Vegeta Ouji was never meant to survive.

Raised as the personal prisoner of a sadistic man with a god complex, his childhood was spent drowning in violence, degradation, and silence. Frieza broke his bones, his spirit, and his sense of self—over and over again. And no one came.

Until one girl did.

But love can’t fix a soul held together by scar tissue and rage.

This isn’t a story about a clean recovery. It’s about survival—bloody, messy, and brutal.

An all-human AU, where Vegeta, Bulma and Goku are just fifteen, in a world too cruel and too raw.

Notes:

This is actually the revamped version of one of my first fanfics, which I wrote years ago.

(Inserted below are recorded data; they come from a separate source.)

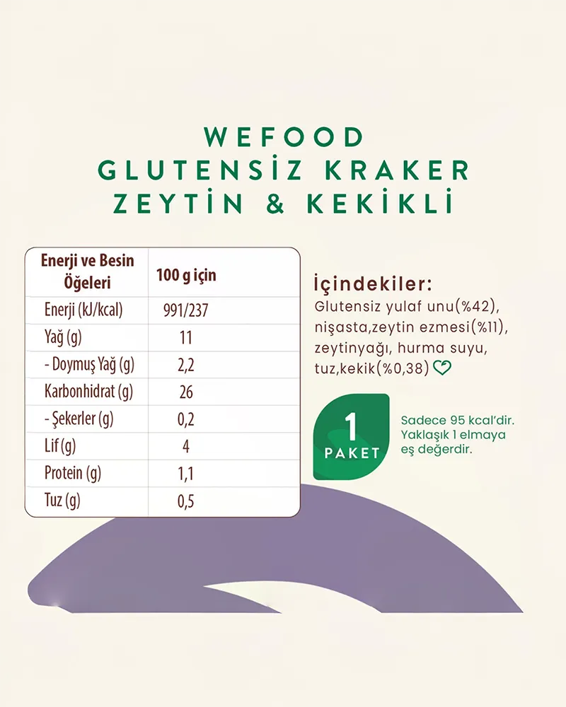 Wefood Glutensiz Zeytinli Kekikli Kraker, yulaf unundan gelen lif ve zeytinden gelen doğal yağlarla doyurucu bir lezzet sunar. Ayrıca içerdiği bitkisel bileşenler sayesinde pratik bir ara öğün alternatifi oluşturur. Katkısız içeriği ve hafif yapısı, gün boyu dengeli bir beslenmeyi destekler. Böylece hem lezzetli hem de sade bir atıştırmalık deneyimi yaşarsınız.
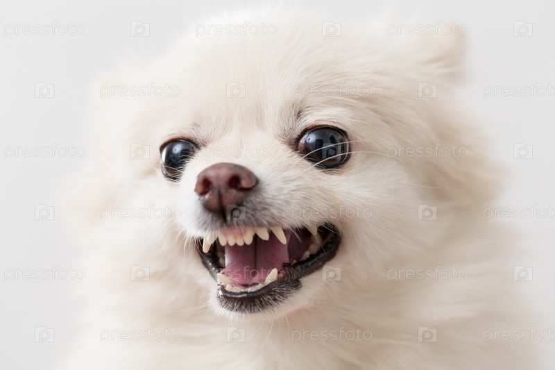 Белый шпиц на белом фоне
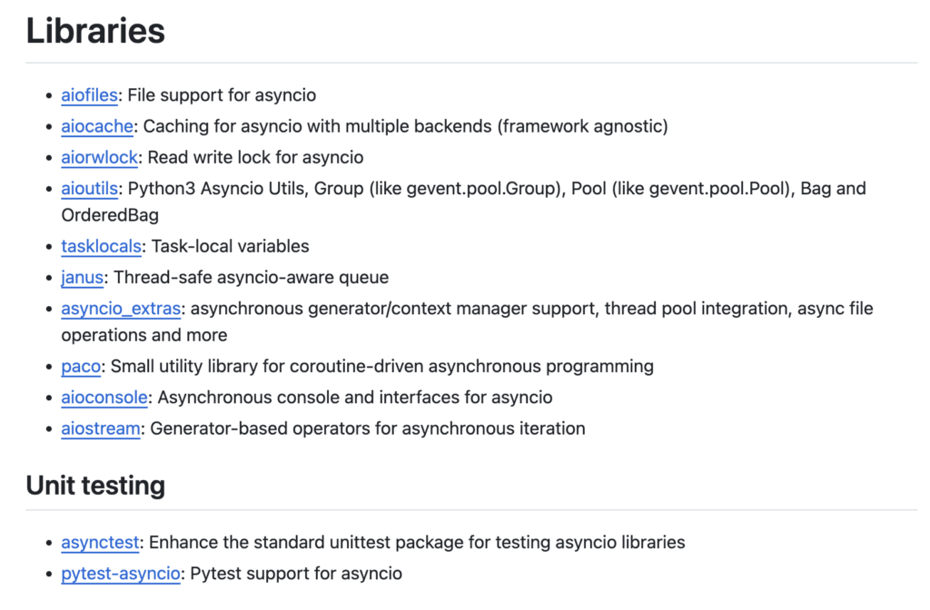 Thankfully, there are a number of Python library repositories and curated lists that we can consult when we require a third-party asyncio library that offers a specific feature.
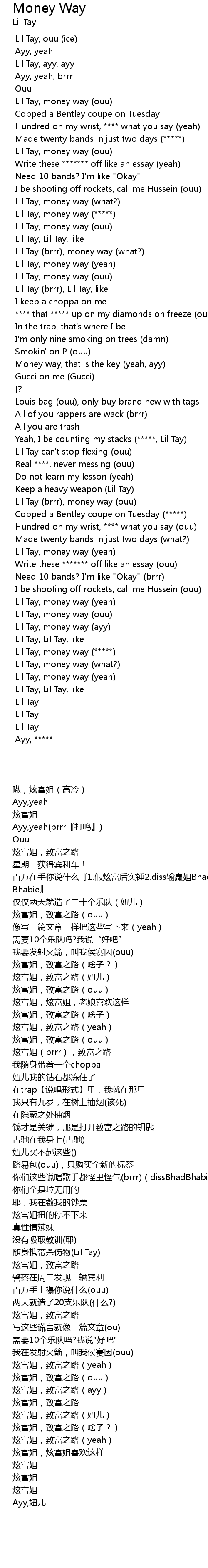 | [01:02.942] | Yeah, I be counting my stacks (*****, Lil Tay) |
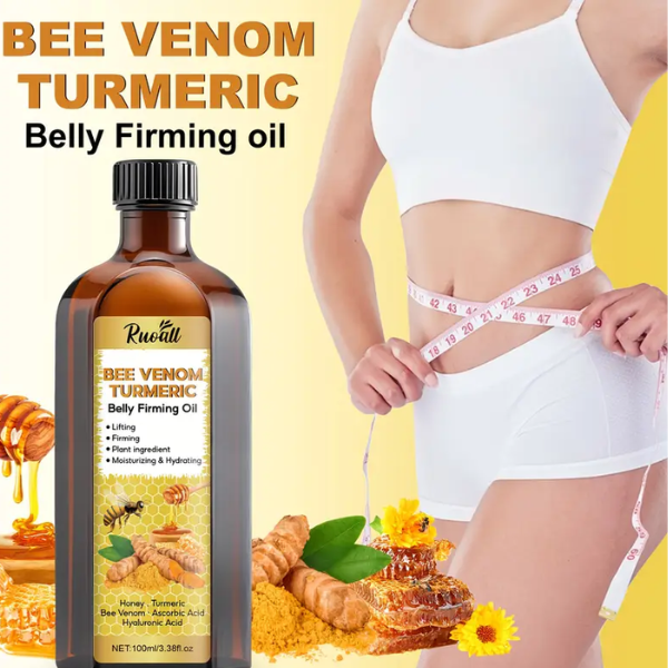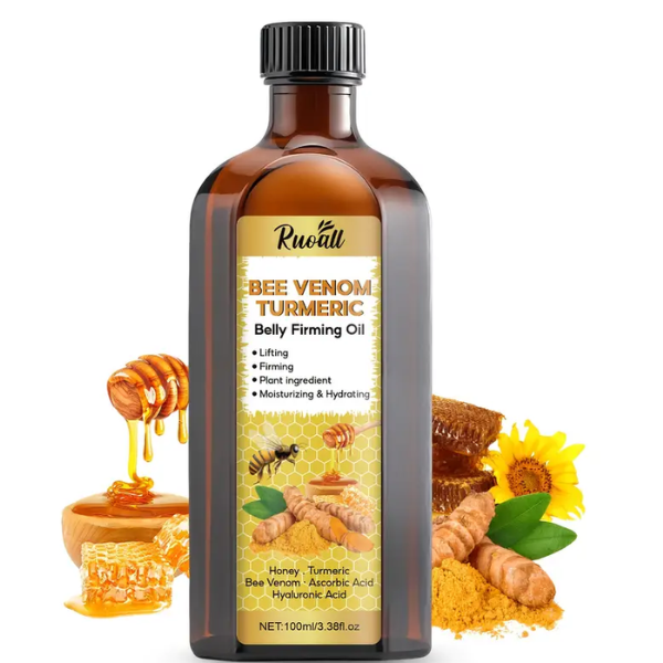 Ruoall Bee Venom Turmeric Firming Belly Oil Is A Luxurious Body Treatment Crafted To Tighten, Tone, And Nourish The Skin. Enriched With Natural Bee Venom And Turmeric Extract, It Stimulates Collagen Production, Improves Skin Elasticity, And Helps Restore A Youthful, Firm Appearance—Especially Around The Belly And Waist Area.

This will be devastating and painful, so mind the tags please!

Chapter Text

The gates of West City High creaked shut behind him with a groan that echoed too loud in his ears.

Vegeta kept walking.

He didn’t limp. He didn’t wince. Not where people could see. But every step set fire to his nerves, and the world swam behind a film of grey pain. The weight of his backpack pressed cruelly into the fresh gashes on his back, and the bandages—hastily wrapped and soaked with blood—itched and burned under his uniform. His ribs throbbed with every breath. His wrist clicked wrong every time he flexed his fingers.

He was late. Again.

He glanced at the clock on the school building as he passed beneath it. Five minutes into first period. That gave him fifty-five to pretend he was okay.

His shoes thudded across the tiled hallway. No one stopped him. No one dared.

The silence of school was different than the silence of home. At home, silence meant danger. A footstep in the hall. The rattle of a belt. The faint scent of cologne and liquor bleeding in through the cracks in the door.

Vegeta blinked hard, banishing the memory. Focus.

He passed the counselor’s office. He could still remember sitting there once, sweaty palms pressed into his thighs, trying to breathe through a cracked rib.

“Is there someone hurting you at home?”

He hadn’t answered.

Frieza’s voice was louder than the question.

“Say one word and I’ll bash the baby’s head in while you watch.”

And he’d believed him.

He still believed him.

He reached his locker, swapped out books without looking. Each movement made his wrist scream. He bit the inside of his cheek until he tasted blood.

The walk to class felt longer than usual. By the time he reached the door of Room 1A, his shirt clung damp to his spine and his vision tunneled at the edges.

He opened the door without knocking.

Thirty pairs of eyes turned to stare.

“Mr. Ouji,” the teacher said, his voice dry. “You're late.”

“I know,” Vegeta muttered, not stopping.

He didn’t meet anyone’s eyes. Not until he passed the first row and felt the heavy, artificial perfume of her reach his nose.

Bulma Briefs.

Her eyes flicked up from her notebook, icy and disdainful. The corner of her lip curled in disgust.

His face remained blank. His pulse throbbed behind his temple.

“Couldn’t bother to set an alarm?” she muttered under her breath, just loud enough for him to hear.

He kept walking.

“It's the first day,” the teacher continued, voice rising. “Couldn’t you at least pretend to care?”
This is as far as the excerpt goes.